When they woke up it was dark. They were cold. Their legs were stiff. They lay each along one edge of a tremendously wide bed, between them a tangle of narrow sheets and blankets. Telemachus raised himself to a sitting position and put his feet, that were still swollen, gingerly to the floor. He drew them up again with a jerk and sat with his teeth chattering hunched on the edge of the bed. Lyaeus burrowed into the blankets and went back to sleep. For a long while Telemachus could not thaw his frozen wits enough to discover what noise had waked him up. Then it came upon him suddenly that huge rhythms were pounding about him, sounds of shaken tambourines and castanettes and beaten dish-pans and roaring voices. Someone was singing in shrill tremolo above the din a song of which each verse seemed to end with the phrase, "y mañana Carnaval."

"To-morrow's Carnival. Wake up," he cried out to Lyaeus, and pulled on his trousers.

Lyaeus sat up and rubbed his eyes.

"I smell wine," he said.

Telemachus, through hunger and stiffness and aching feet and the thought of what his mother Penelope would say about these goings on, if they ever came to her ears, felt a tremendous elation flare through him.
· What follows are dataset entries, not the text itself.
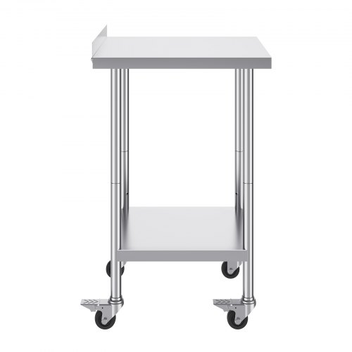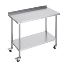 VEVOR Tavolo da Lavoro per Cucina di Preparazione Alimenti in Acciaio Inox 4 Ruote Alzatina 5cm, Piano da Lavoro Ripiano Doppio 91,4 x 61 x 89 cm con Ruote e Alzatina Capacità Carico 200kg in Totale
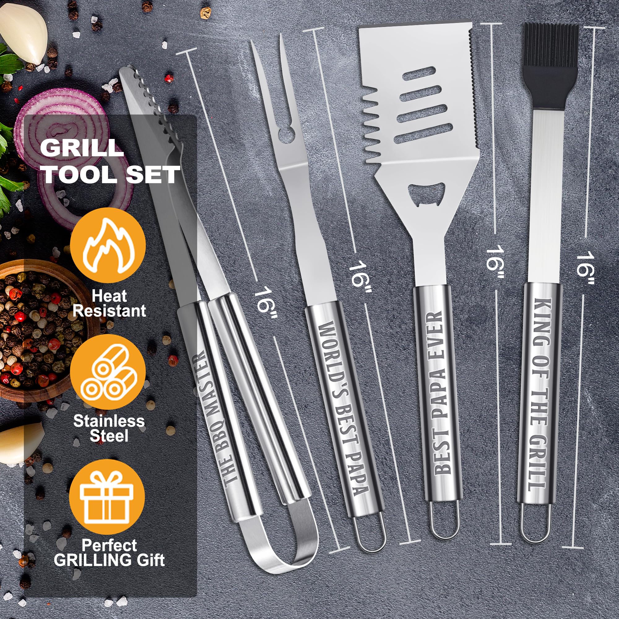 Perfect Gift for Papa Who is Grill Master - This classic stainless steel barbecue set is the perfect gift for Papa on fathers day. Whether for an anniversary, birthday celebration, housewarming, Christmas, Father’s Day, or simply to express your gratitude, it is the ideal present for someone who loves to barbecue. Made from carefully selected materials and designed with practicality in mind, our barbecue tools are durable and ensure that every cooking experience is easy and enjoyable.
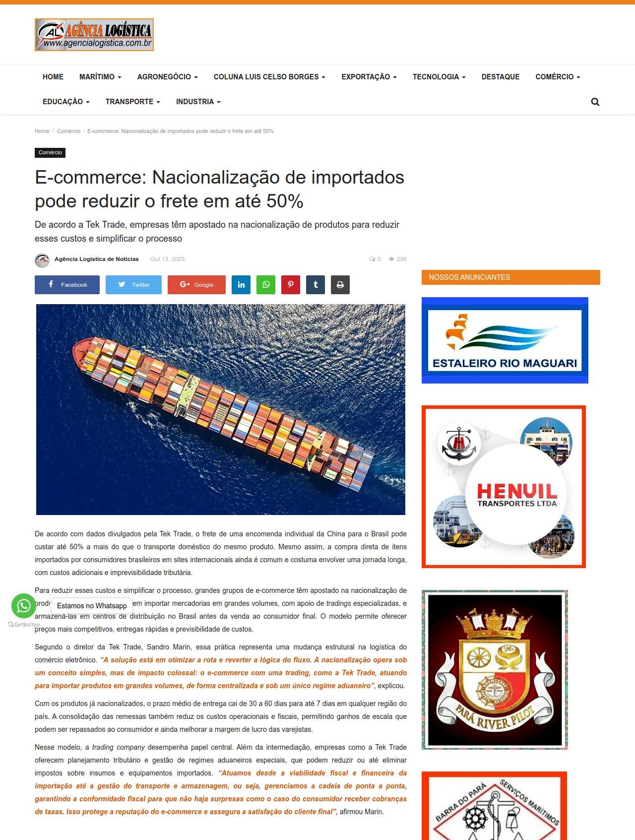 https://www.agencialogistica.com.br/e-commerce-nacionalizacao-de-importados-pode-reduzir-o-frete-em-ate-50
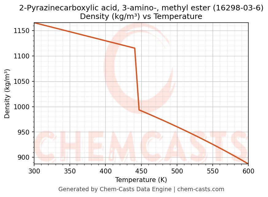 This page presents the temperature-dependent thermodynamic and transport properties of 2-Pyrazinecarboxylic acid, 3-amino-, methyl ester (CAS 16298-03-6) calculated at a constant pressure of 1 atm (101325 Pa) over the temperature range 250-500 K.
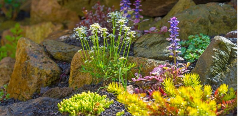 Создание рокария - искусство, требующее внимания ко множеству деталей. При создании такого сада необходимо учитывать различные аспекты, начиная от выбора камней и растений и заканчивая гармоничным размещением его на участке. Важное значение имеют размеры как живых, так и неживых элементов, которые должны быть пропорциональны размерам сада и представлять единую композицию. Подходить к созданию рокария следует творчески. Рассмотрим несколько вариантов дизайна: 1. Скальный выход: Рокарий, имитирующий выход горной породы из земли, создает впечатление естественного ландшафта. Для этого можно использовать небольшой холмик на участке, на котором размещают несколько крупных камней, особенно привлекательных своим внешним видом, например, гнейс. Камни частично вкапывают в грунт и засыпают вокруг мелкими камешками той же горной породы. Пустое пространство между камнями заполняется низкорослыми древесными растениями, такими как можжевельники, карликовые ели, горная сосна, а также различными травян
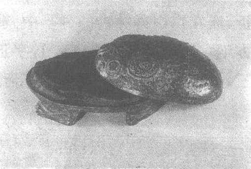 清。长11厘米,宽9.2厘米,高4.5厘米。天津市艺术博物馆藏。澄泥砚用山西绛泥烧制而成,质地精坚,苍紫色。砚盖和器自然相合成一蟾蜍形:首微仰,双目外突,四足伏地作欲跳跃状,其形态逼真、生动;蟾背描金,间有点点红斑痕;砚面浅凹;蟾腹为砚底,上镌楷书印铭:〈陕州工艺局澄泥砚王玉瑞造。〉陕州,今在河南三门峡市、陕县和灵宝一带,此地区制作澄泥砚历史悠久。“工艺局”为清末官办或官督商办的手工业工场;王玉瑞,为制作者的姓名。
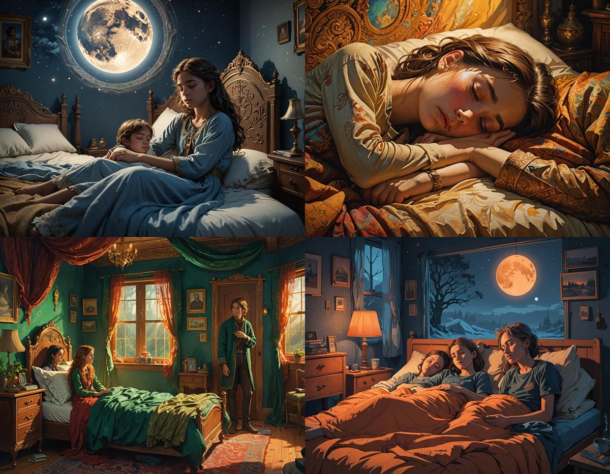 This image shows a young girl asleep on her brother's bed as he answers her questions. The scene is rendered as detailed matte painting with complementary colors and intricate details.

"Come on, they're dancing," he cried dragging Lyaeus out on the gallery that overhung the end of the court.

"Don't forget the butterfly net, Tel."

"What for?"

"To catch your gesture, what do you think?"

Telemachus caught Lyaeus by the shoulders and shook him. As they wrestled they caught glimpses of the courtyard full of couples bobbing up and down in a jota. In the doorway stood two guitar players and beside them a table with pitchers and glasses and a glint of spilt wine. Feeble light came from an occasional little constellation of olive-oil lamps. When the two of them pitched down stairs together and shot out reeling among the dancers everybody cried out: "Hola," and shouted that the foreigners must sing a song.